> [What the exercise asks]: From the line containing "上面是我们最终的实验结果,针" through the last line of the material, copy every line exactly, both ends inclusive; do not copy pictures.

> [Data extract]:

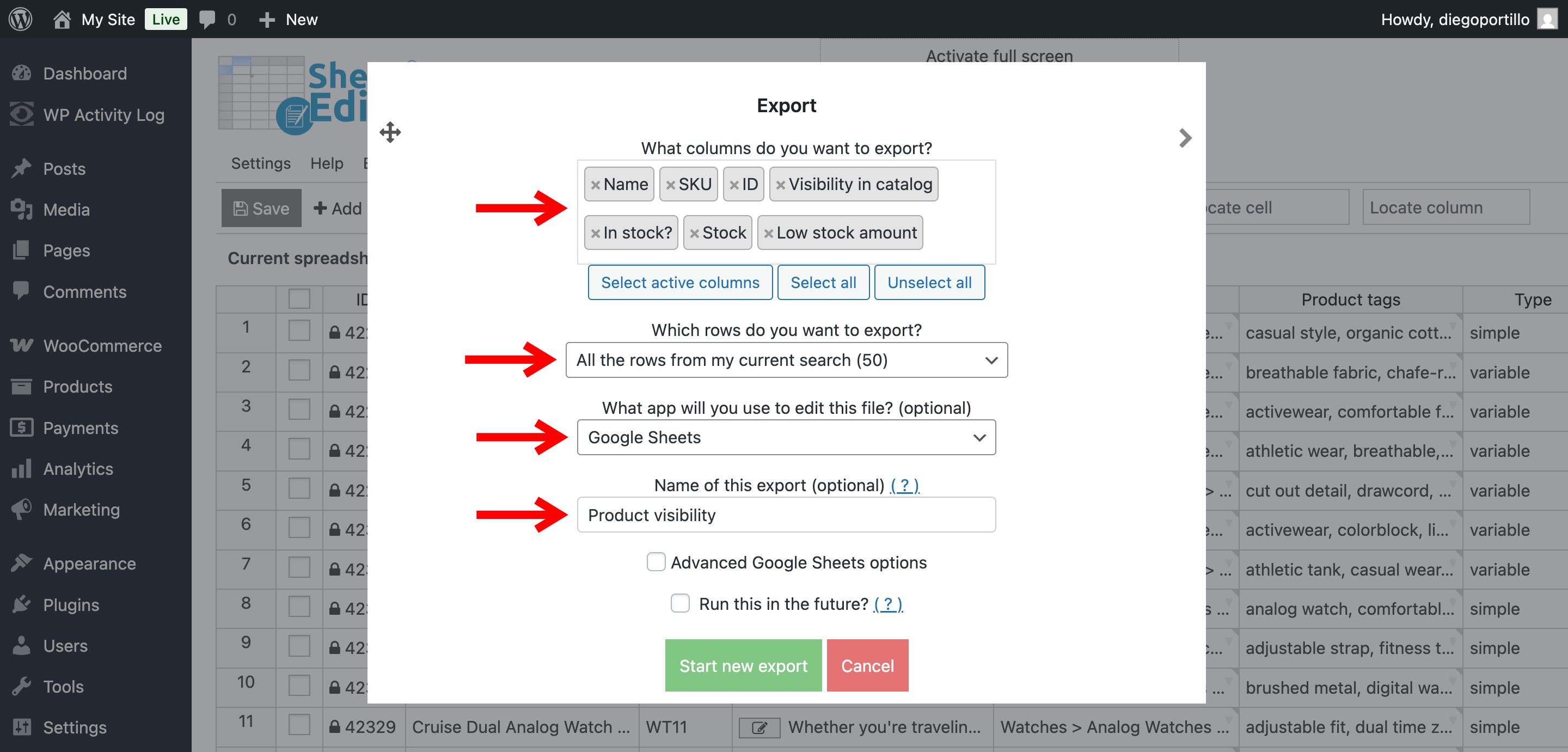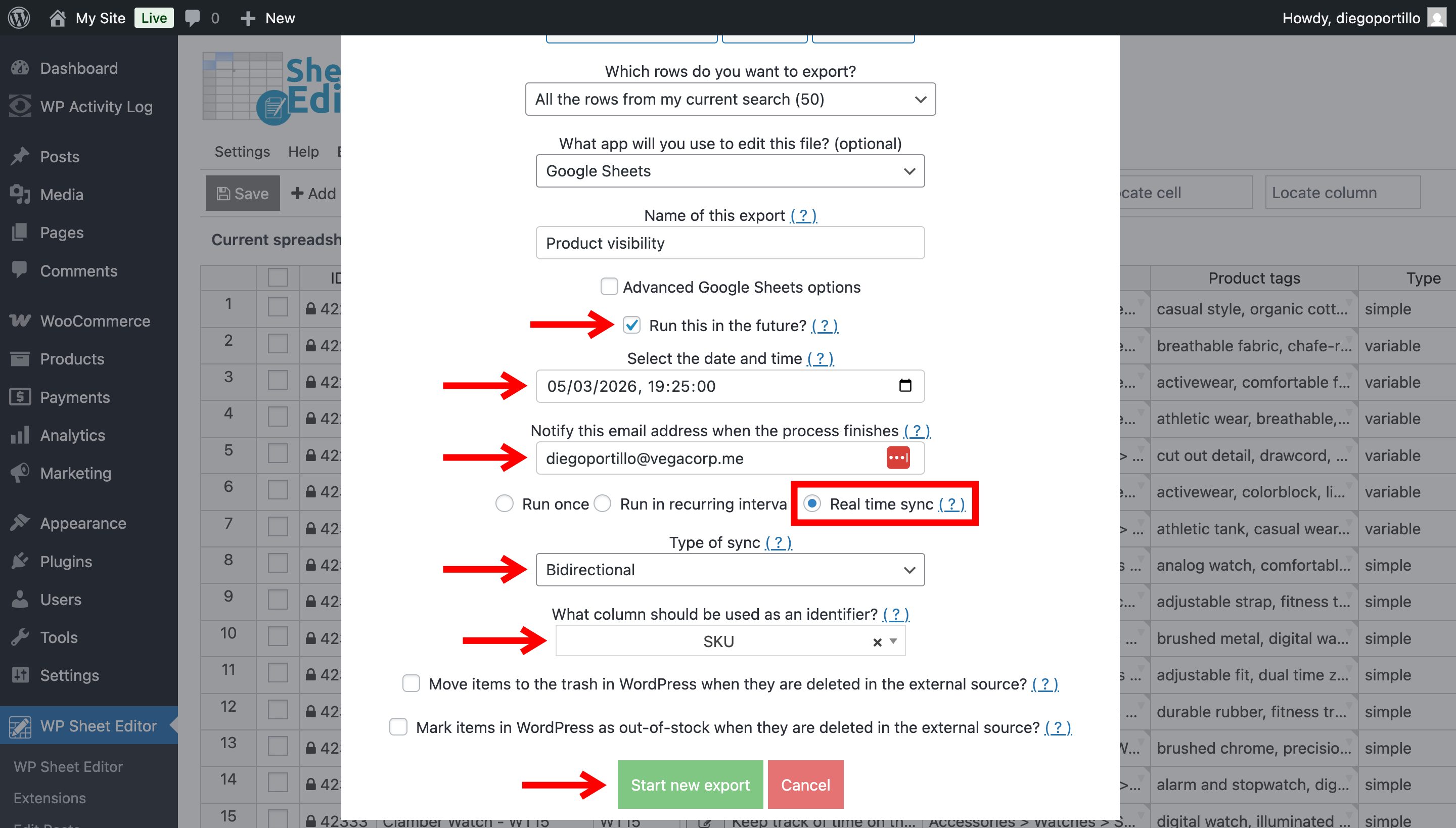 First, we need to send our existing products to Google Sheets and make sure we create a bidirectional real time sync so that the changes we make on WordPress are reflected in Google Sheets, and vice-versa.
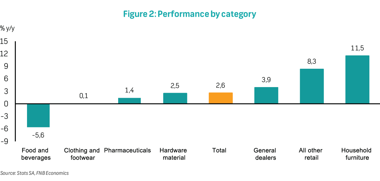 Growth in December was once again broad-based across most segments, with all categories except specialist food and beverage retailers recording an expansion. The latter declined sharply by 5.6% y/y, detracting 0.5-percentage points (ppts) from headline growth.
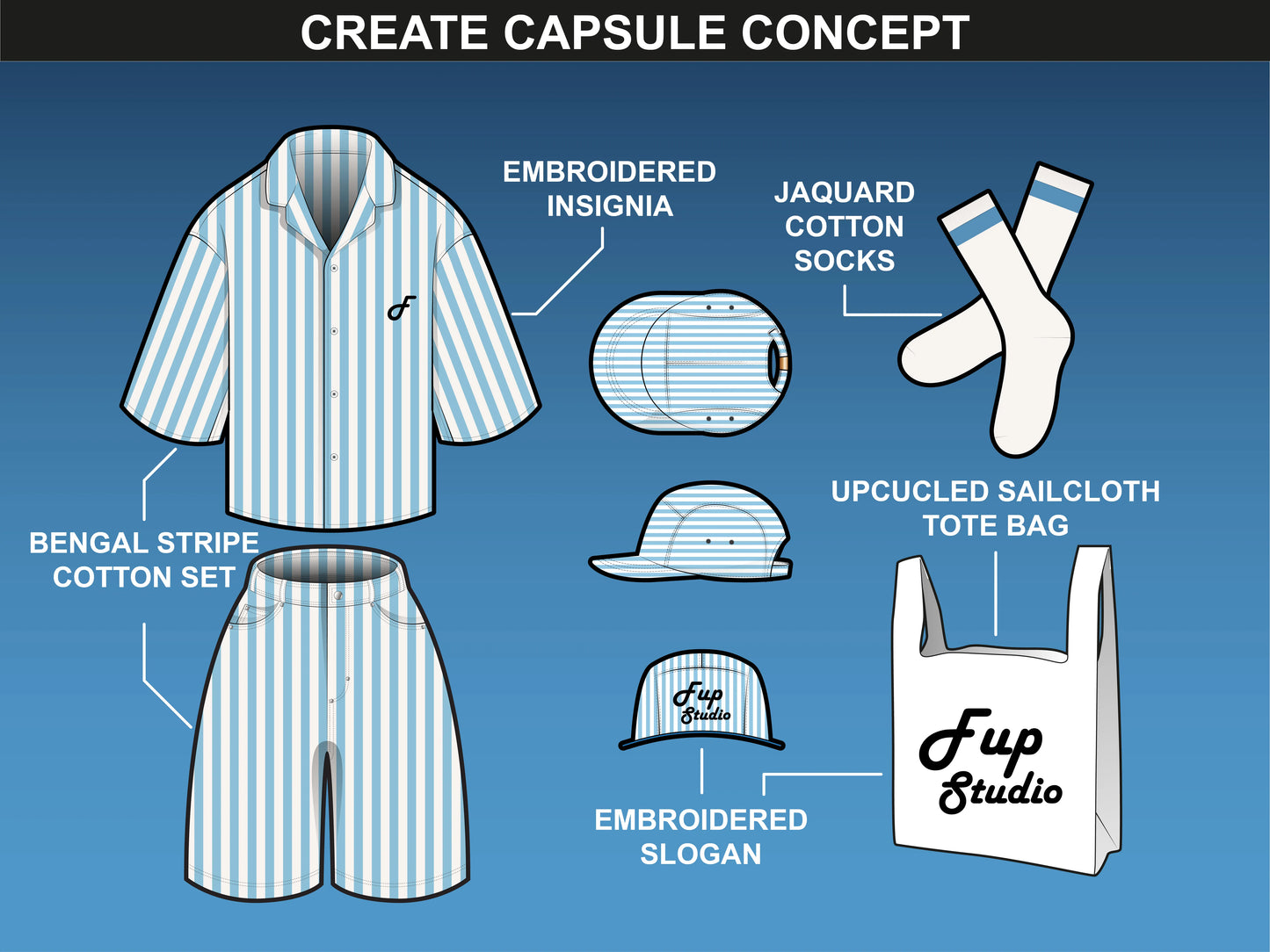 FUPstudio fashion concept featuring stripe pattern apparel, embroidered accessories, and textile elements.
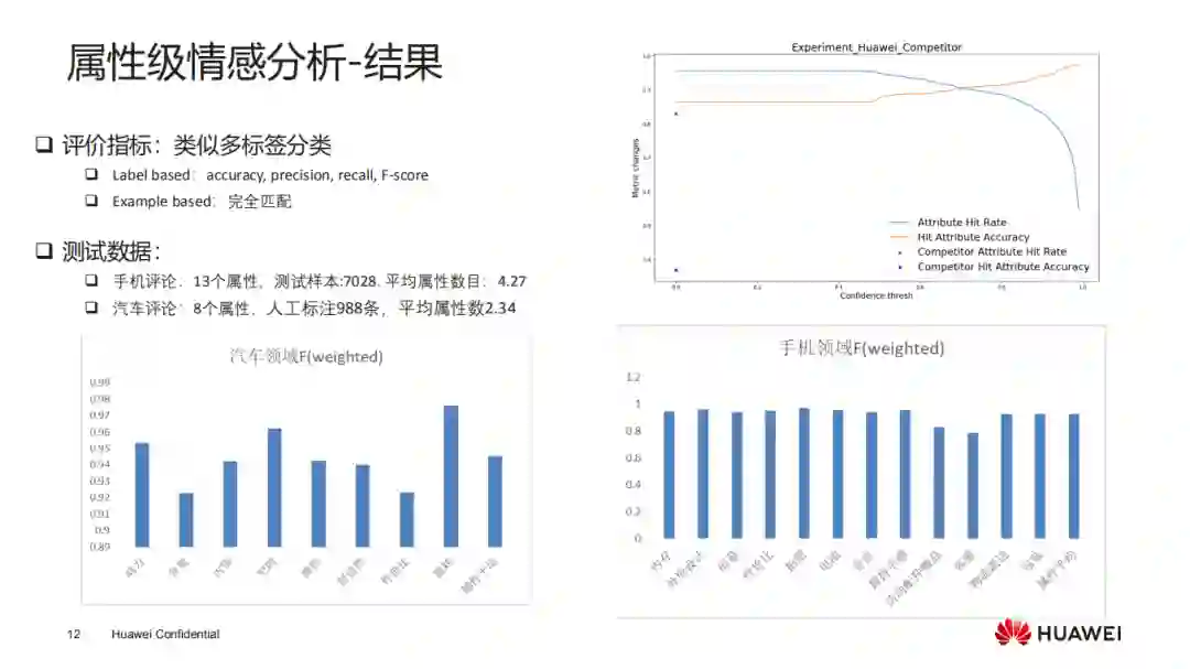 上面是我们最终的实验结果,针对汽车领域测试样本大概有7000多个,每个样本平均的属性数量是4.27个,其中预定义的属性集合是8个,最终可以看到每个属性的准确率都是很高的,基本上达到90%以上。针对手机领域的结果基本上也是每个属性F值基本上能达到将近90%。
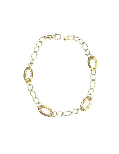 The "Ocean" bracelet is made of 18K Gold. It has a marine design that combines a gold chain and an openwork link in the shape of a shell. An original and very versatile bracelet reminiscent of the sea. Spanish-made bracelet with a very secure lobster clasp. It is sent presented in a Beamar Jewelry leather case.
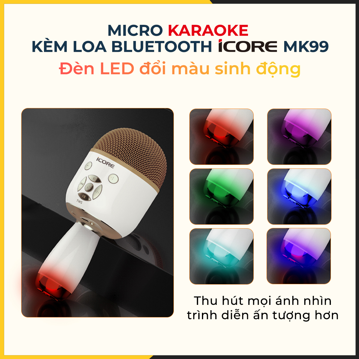Để tăng thêm phần sinh động cho sản phẩm, nhà sản xuất iCore cũng đã bổ sung thêm 1 cụm đèn LED với khả năng đổi màu và nhấp nháy ở dưới đuôi mic. Giúp không gian ca hát thêm phần lung linh và đã mắt, đã tai hơn.
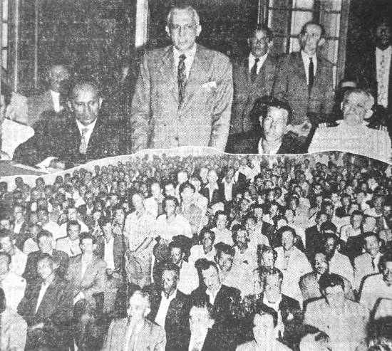 vendo-se em cima o dr. Hilton dos Santos, presidente do IAPETC, quando se dirigia aos estivadores, e, em baixo, parte da numerosa assistência
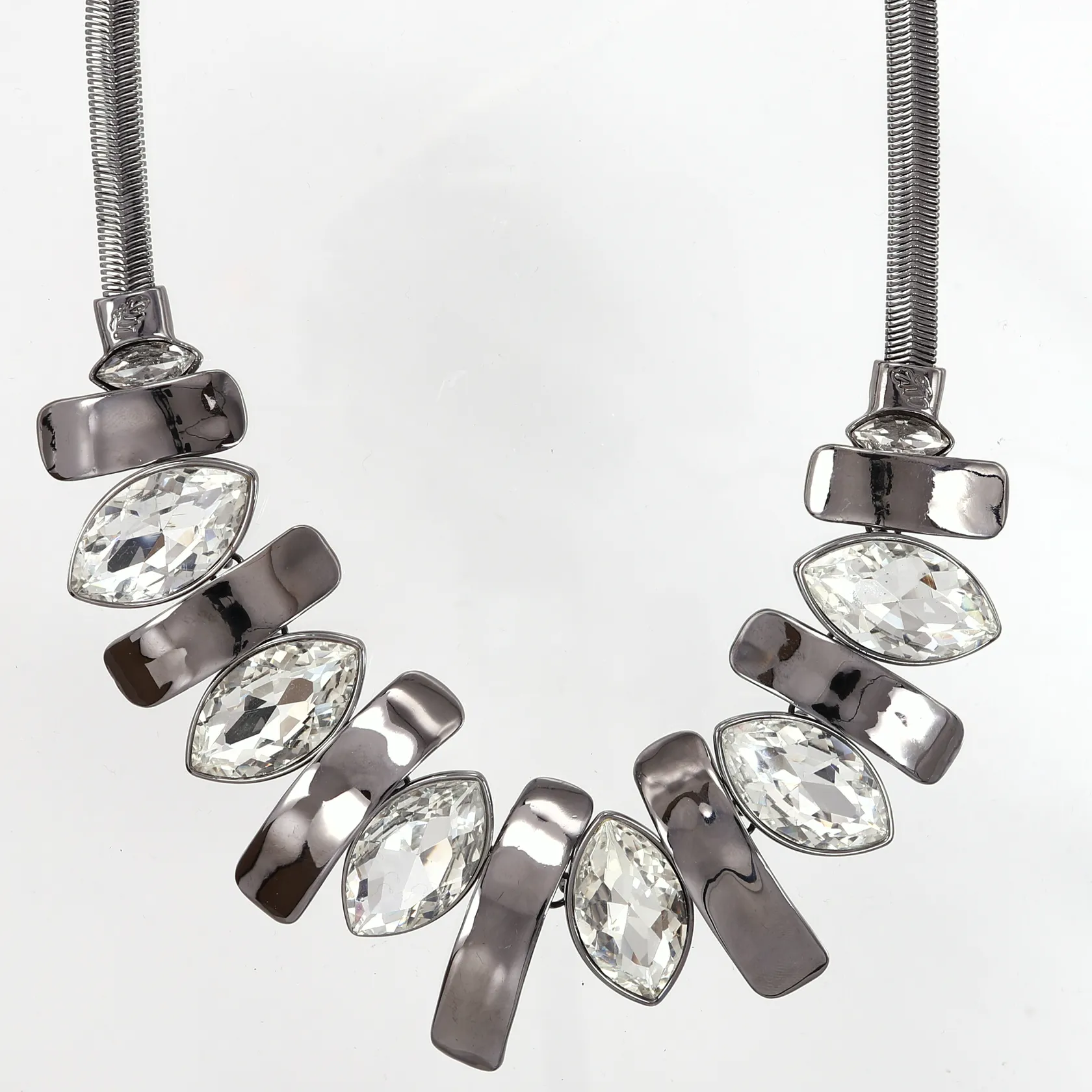Collier från Ioaku 52cm, bredd: 10-50mm, vitmetall med glasstenar
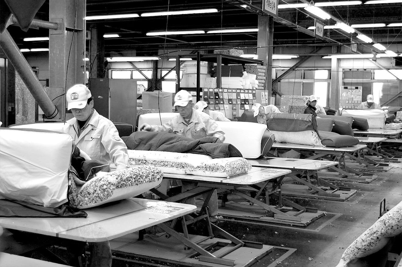 ウレタンの二次加工やリサイクル製品を製造し、その技術を活かして手作りでソファを生産しています。
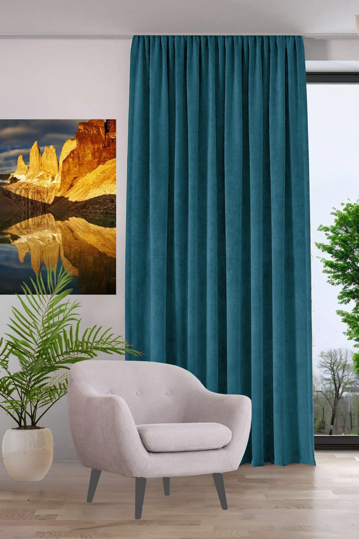 Kadife Dokulu Fon Perde Pilesiz Tek Kanat Mavi
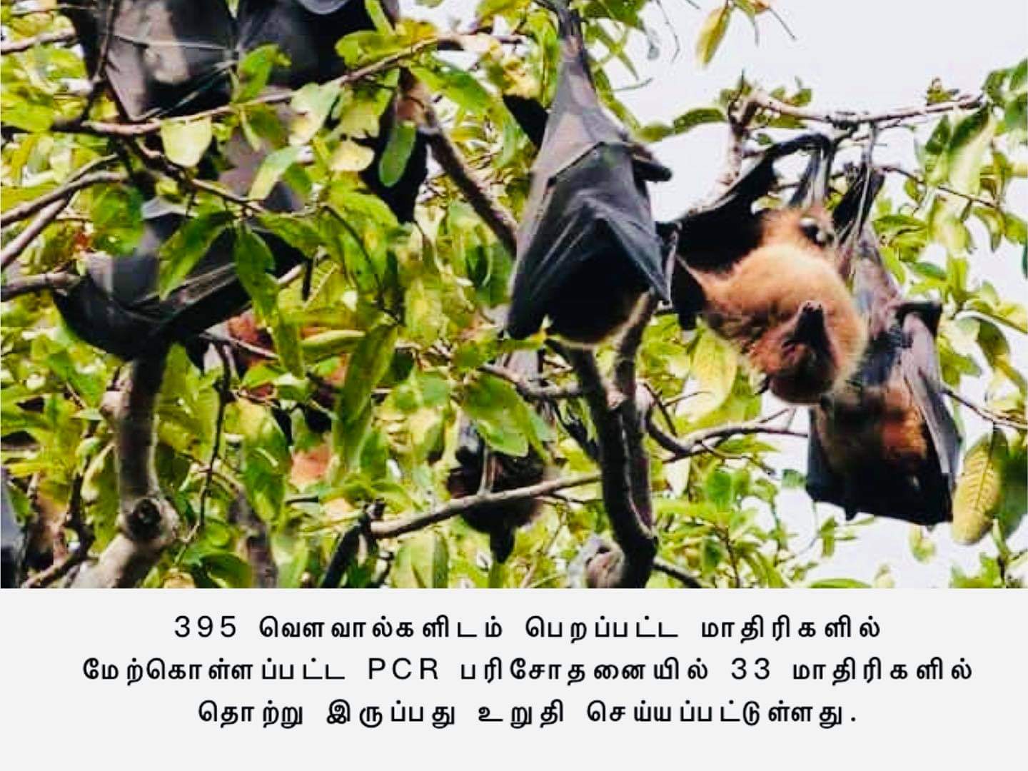 இலங்கையில் வௌவால்களுக்கும் கொரொனா தொற்று உறுதி செய்யப்பட்டுள்ளது. கொழும்பு பல்கலைகழகம் மற்றும் ஜெர்மன் ரொபர்ட்கோ பரிசோதனை நிறுவனம் இணைந்து நடத்திய பரிசோதனைகளில் இந்த விடயம் உறுதிசெய்யப்பட்டுள்ளது. 395 வௌவால்களிடம் பெறப்பட்ட மாதிரிகளில் மேற்கொள்ளப்பட்ட பி சி ஆர் பரிசோதனையில் 33 மாதிரிகளில் இந்த தொற்று இருப்பது உறுதி செய்யப்பட்டுள்ளது. இவை தற்போது பரவும் சார்ஸ் 2 வைரஸ் வகையை சேர்ந்த அல்பா மற்றும் பீட்டா திரிபுகள் அல்ல என கூறப்பட்டுள்ளது.
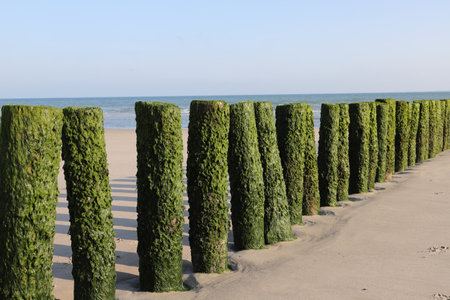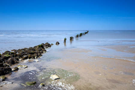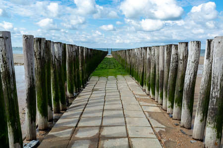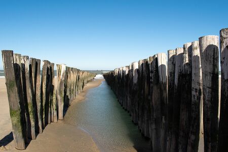 Pier with wooden posts at the North Sea coast in the province of Zeeland, The Netherlands

> [Exercise answer]:
 上面是我们最终的实验结果,针对汽车领域测试样本大概有7000多个,每个样本平均的属性数量是4.27个,其中预定义的属性集合是8个,最终可以看到每个属性的准确率都是很高的,基本上达到90%以上。针对手机领域的结果基本上也是每个属性F值基本上能达到将近90%。
 The "Ocean" bracelet is made of 18K Gold. It has a marine design that combines a gold chain and an openwork link in the shape of a shell. An original and very versatile bracelet reminiscent of the sea. Spanish-made bracelet with a very secure lobster clasp. It is sent presented in a Beamar Jewelry leather case.
Để tăng thêm phần sinh động cho sản phẩm, nhà sản xuất iCore cũng đã bổ sung thêm 1 cụm đèn LED với khả năng đổi màu và nhấp nháy ở dưới đuôi mic. Giúp không gian ca hát thêm phần lung linh và đã mắt, đã tai hơn.
 vendo-se em cima o dr. Hilton dos Santos, presidente do IAPETC, quando se dirigia aos estivadores, e, em baixo, parte da numerosa assistência
Collier från Ioaku 52cm, bredd: 10-50mm, vitmetall med glasstenar
 ウレタンの二次加工やリサイクル製品を製造し、その技術を活かして手作りでソファを生産しています。
 Kadife Dokulu Fon Perde Pilesiz Tek Kanat Mavi
 இலங்கையில் வௌவால்களுக்கும் கொரொனா தொற்று உறுதி செய்யப்பட்டுள்ளது. கொழும்பு பல்கலைகழகம் மற்றும் ஜெர்மன் ரொபர்ட்கோ பரிசோதனை நிறுவனம் இணைந்து நடத்திய பரிசோதனைகளில் இந்த விடயம் உறுதிசெய்யப்பட்டுள்ளது. 395 வௌவால்களிடம் பெறப்பட்ட மாதிரிகளில் மேற்கொள்ளப்பட்ட பி சி ஆர் பரிசோதனையில் 33 மாதிரிகளில் இந்த தொற்று இருப்பது உறுதி செய்யப்பட்டுள்ளது. இவை தற்போது பரவும் சார்ஸ் 2 வைரஸ் வகையை சேர்ந்த அல்பா மற்றும் பீட்டா திரிபுகள் அல்ல என கூறப்பட்டுள்ளது.
 Pier with wooden posts at the North Sea coast in the province of Zeeland, The Netherlands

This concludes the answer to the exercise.